We previously discussed analyzing electric motor and generator designs in the COMSOL Multiphysics® software, including how to examine the magnetic flux distribution, torque, losses, and iron usage in a rotating machine. We used an example of a 12-slot, 10-pole permanent magnet machine (PMM) with a diameter of 35 mm and axial length of 80 mm. In this blog post, we will investigate the variation of iron and copper losses, the resulting temperature rise, and its effect on the efficiency of the PMM. Since we are going to talk about losses, let’s begin by taking a look at a very fundamental aspect of rotating machine simulation: energy conservation.
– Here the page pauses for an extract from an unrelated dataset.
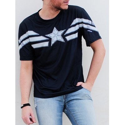 Fashion Round Neck Slimming Color Block Captain America Design Short Sleeve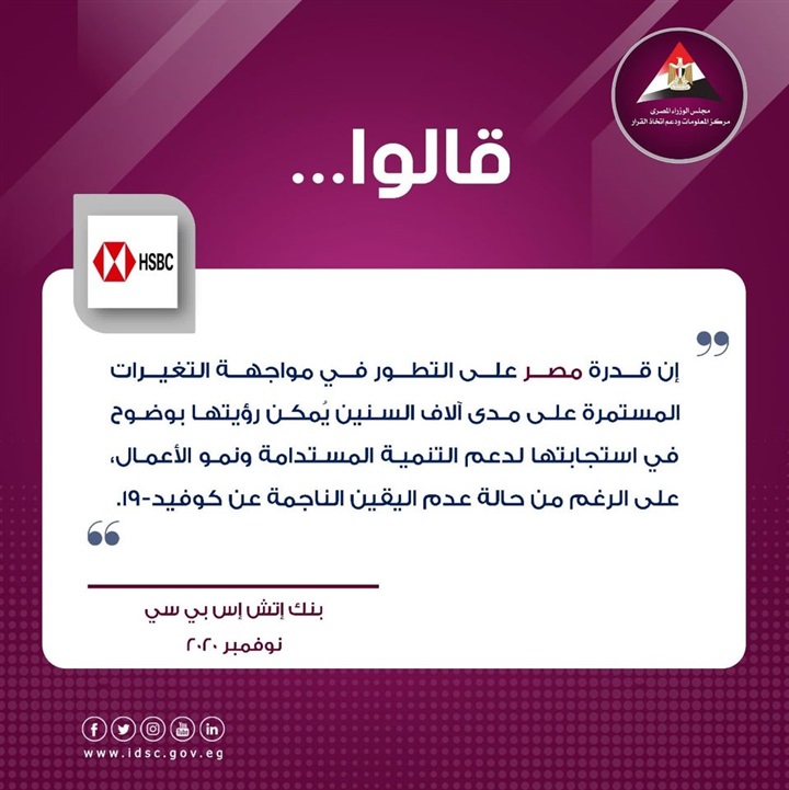نشر مركز المعلومات ودعم اتخاذ القرار التابع لمجلس الوزراء إنفوجرافًا، تقريرا صادرا عن بنك HSBC، أشار إلى قدرة مصر على مواجهة التغيرات الطارئة عليها، والتي انعكست بشكل كبير في دعمها لقضايا التنمية المستدامة، وذلك رغم الحالة العامة من عدم الاستقرار التي يشهدها العالم أجمع نتيجة تفشي فيروس كورونا، وما أحدثه من تأثيرات سلبية على مختلف الأنشطة والقطاعات.

This is the second blog post in a series discussing how to analyze different design aspects of rotating machines using COMSOL Multiphysics. Read Part 1 here.

### Verification of Power Balance

Energy conservation can be examined by checking the relevant power values. For this, we will have a look at the power balance phenomenon in the context of rotating machine simulations. While modeling rotating machines, the stator and rotor iron are typically assigned a zero electrical conductivity, and the iron losses are computed separately using empirical models like Steinmetz or Bertotti. This is because the stator and rotor iron consist of stacks of laminations to minimize eddy currents.

If the bulk conductivity of iron were used, the numerical model would greatly overestimate the losses and compute a low net magnetic field; corresponding to nonlaminated iron. That is why iron losses need to be computed separately. Using this approach, the efficiency can be calculated as \textrm{Efficiency} = \frac{\textrm{Mechanical output power}}{\textrm{Mechanical output power + iron losses + copper losses}}. Here, we have chosen to neglect the friction and windage losses, since we know they constitute only a small fraction of the total loss (about 3%). When deemed necessary, these terms can easily be included.

The above implies that in electromagnetic FEM simulations, the electrical power input should be used to excite the magnetic fields, produce the torque on the rotor, and generate the copper loss. In terms of energy conservation, the electrical energy input should equal the sum of the mechanical power output and the copper loss. The instantaneous electrical power is given by P_i = V_a I_a + V_b I_b + V_c I_c, where V_a, V_b, V_c and I_a, I_b, I_c are the stator’s three-phase voltages and currents, respectively. The mechanical output power is given by P_o = T_r \omega_r, where T_r is the torque on the rotor and \omega_r is the angular velocity.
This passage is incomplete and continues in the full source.